## EXERCISE INSTRUCTIONS
Beginning with the line that holds "Fatty amateur on" and ending with the last line, please repeat the entries exactly and omit the pictures.

[Records excerpted from a collection]
______
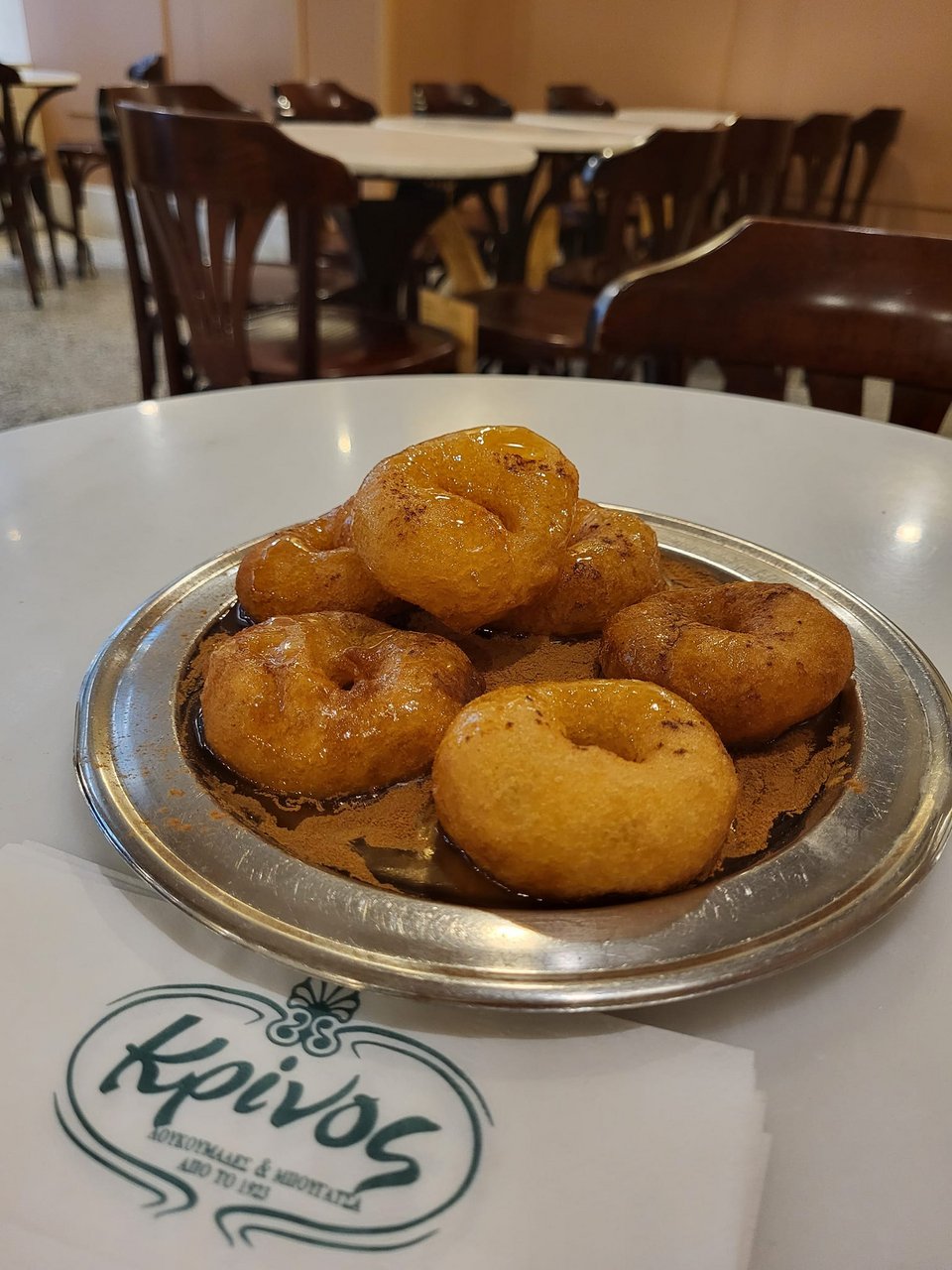 Εκεί θα βρεις τους περίφημους, στρογγυλούς λουκουμάδες με την τρύπα στην μέση, σαν δαχτυλίδι, χρυσαφένιους και τραγανούς απ' έξω, αφράτους και μαλακούς από μέσα. Σερβίρονται με μπόλικο θυμαρίσιο μέλι και κανέλα, ενώ πλέον μπορείς να βρεις και με πραλίνα.
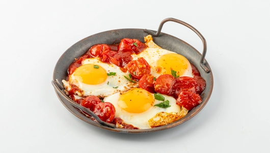 Лучший способ порадовать себя прямо с утра — позавтракать шакшукой, которую мы бережно упакуем в термосумку и привезём горячей! Это израильский вариант яичницы: пряный, ароматный и очень сытный. Блюдо состоит из трёх яиц, обжаренных в пикантном томатном соусе с халапеньо и красным луком.
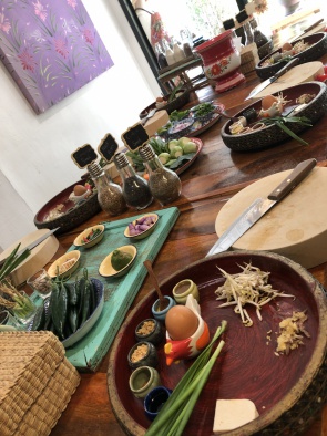 当日。午後のクラスに参加する私は13時半に指定された集合場所へ。スタッフが看板を持って立っていて、迷うことはありません。全員揃うとシェフが市場へ連れて行ってくれます。グループは8名で私の参加したクラスでは、韓国人の若い女性グループと、親子(お子さんは10歳くらいでした)でした。市場ではタイ料理に欠かせない野菜などをシェフが英語で説明してくれます。そして今日使う食材をグループのみんなで分担し、クッキングスクールに向かいます。少しイメージしていた市場ツアーとは異なる感じはしましたが、特に不満はありませんでした。
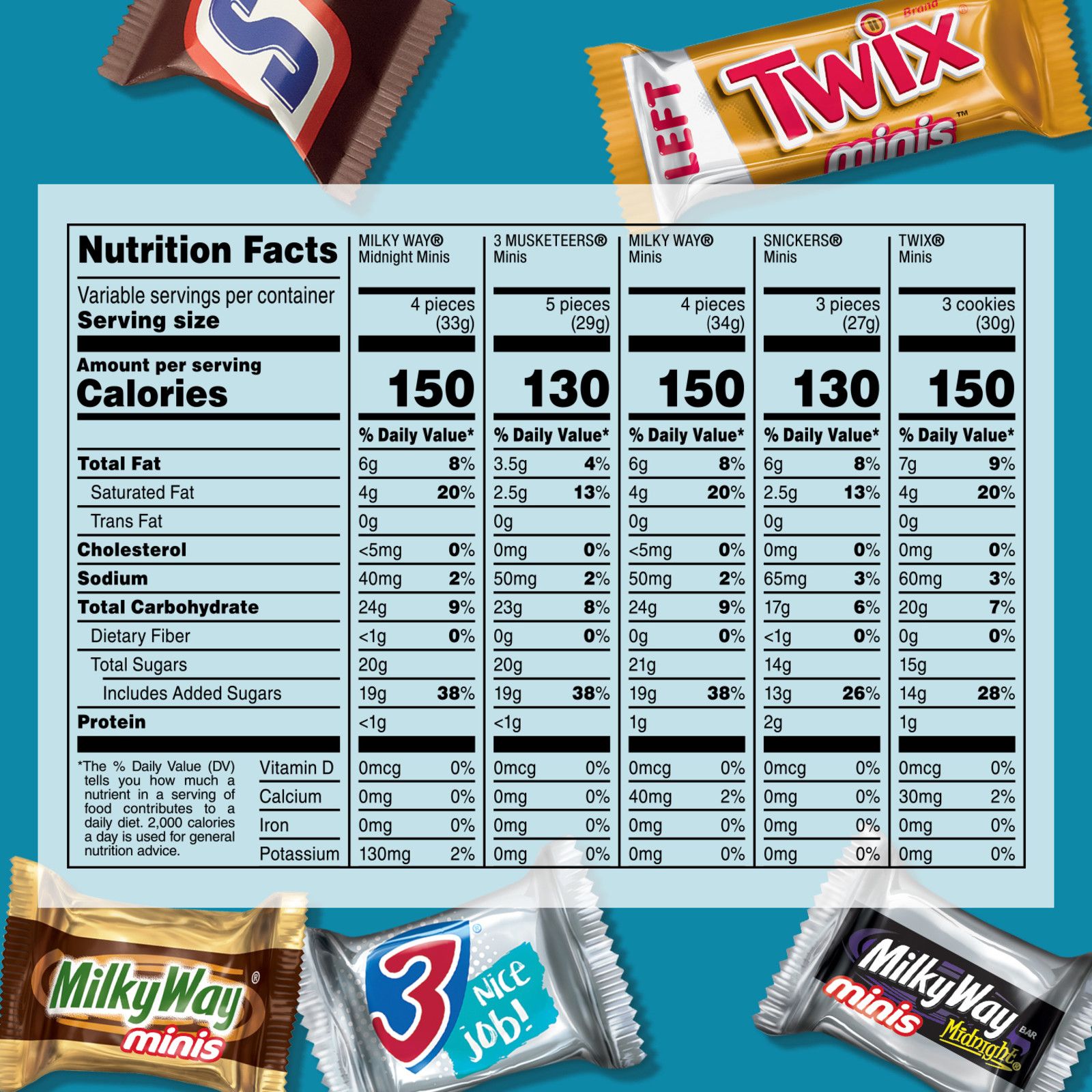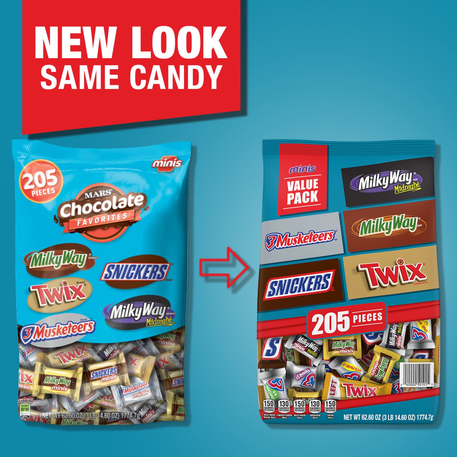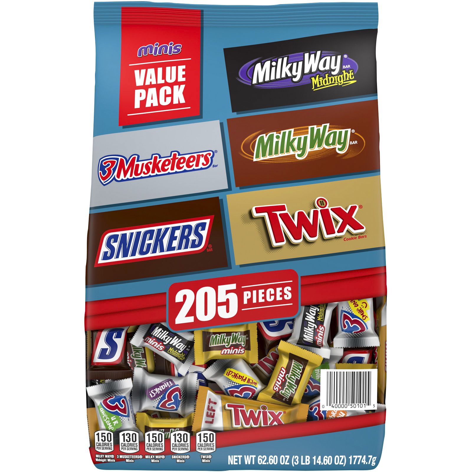 Keep everyone's favorite chocolate candy flavors on hand with this assorted value variety mix, perfect for any occasion. This bulk candy bag features a delicious assortment of minis size Snickers Bars, Twix Caramel Chocolate Cookie Bars, Milky Way Original Chocolate Bars, Milky Way Midnight Dark Chocolate Bars and 3 Musketeers Candy. This bulk candy value pack has 205 pieces of delicious chocolate so you can easily keep the fun going. These individually wrapped chocolates are fun and easy to share. Decorate candy bowls and dessert tables at birthday parties with these colorful treats or use them as piñata fillers. Great for topping off the candy dish at the front desk or enjoying as an afternoon treat in the breakroom. Decorate candy buffets with a mix of everyone’s favorite chocolate flavors or create adorable DIY party favors for guests to take home. This bulk assortment of chocolate candy makes a great addition to gift baskets and care packages to let your loved ones know you’re thinking of them.
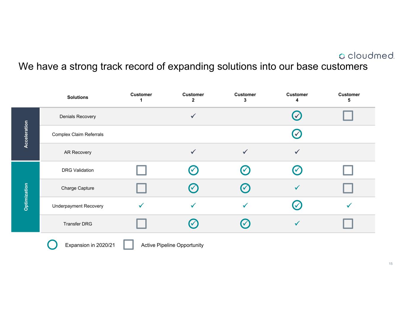 We have a strong track record of expanding solutions into our base customers Solutions Customer 1 Customer 2 Customer 3 Customer 4 Customer 5 A cc el er at io n Denials Recovery Complex Claim Referrals AR Recovery O pt im iz at io n DRG Validation Charge Capture Underpayment Recovery Transfer DRG 15 Expansion in 2020/21 Active Pipeline Opportunity
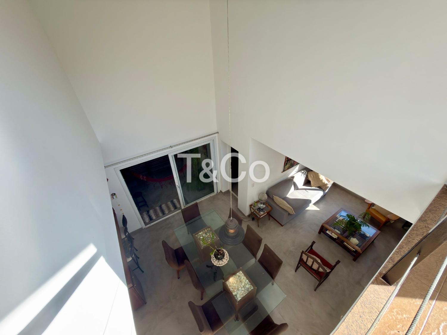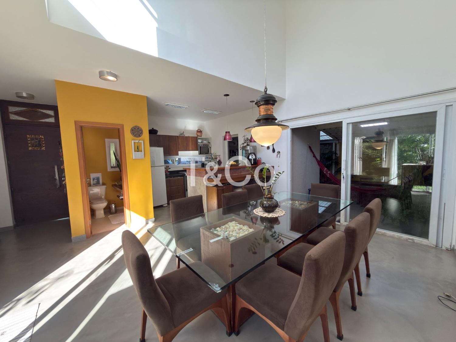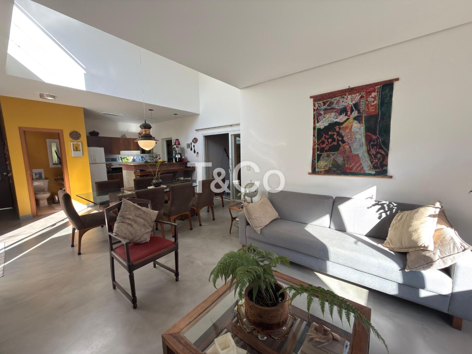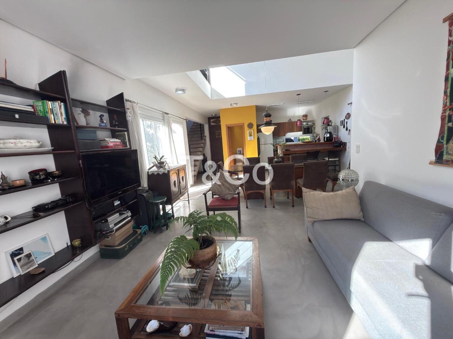 Sala para dois ambientes, com pé direito duplo, integrada à cozinha americana.
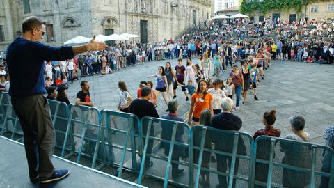 A participar en el taller previo a su actuación de la Dominic Graham School se animaron mayores y pequeños, hombres y mujeres, compostelanos y turistas. Una enorme rueda giraba en medio de la plaza, bajo la atenta mirada de los demasiado tímidos para unirse al baile. Tras los primeros ensayos con el único acompañamiento de las indicaciones de Graham, llegó el momento de ir a por todas. Y Xoán se subió al escenario. Agarró su violín y empezó a tocar. Y cogidos de la mano, los nuevos bailarines comenzaron a girar. Sí. Lo había conseguido. Cuarenta minutos. Y estaban bailando una de las danzas más difíciles de aprender. Dominic Graham es un gran profesor.
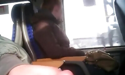 Fatty amateur on bus pretends not to watch my cock
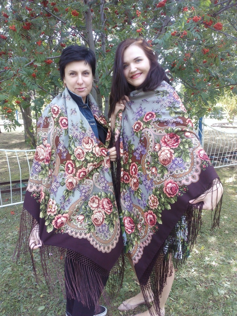 Палантин с гибискусами у Маши. Вполне себе городской палантин. С джинсовкой смотрится отлично.
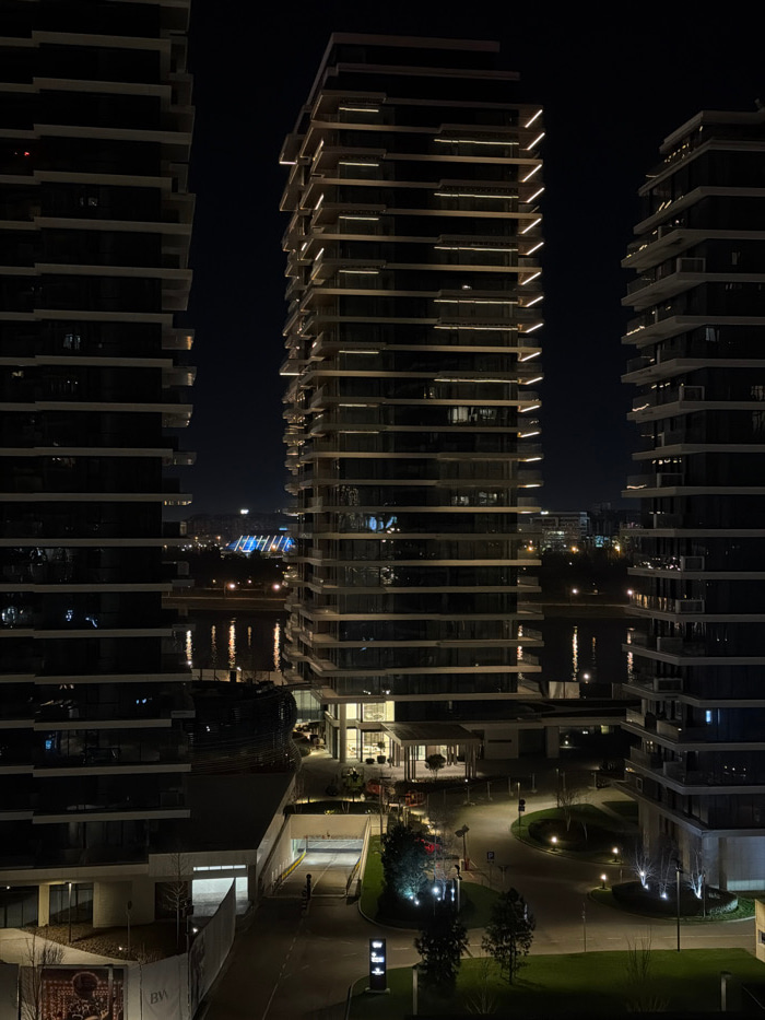 A nighttime shot shows modern buildings with horizontal design elements, illuminated by lights. These structures border a body of water reflecting the cityscape. Adjacent to the buildings is a paved a…read more
______
## EXERCISE OUTPUT
 Fatty amateur on bus pretends not to watch my cock
 Палантин с гибискусами у Маши. Вполне себе городской палантин. С джинсовкой смотрится отлично.
 A nighttime shot shows modern buildings with horizontal design elements, illuminated by lights. These structures border a body of water reflecting the cityscape. Adjacent to the buildings is a paved a…read more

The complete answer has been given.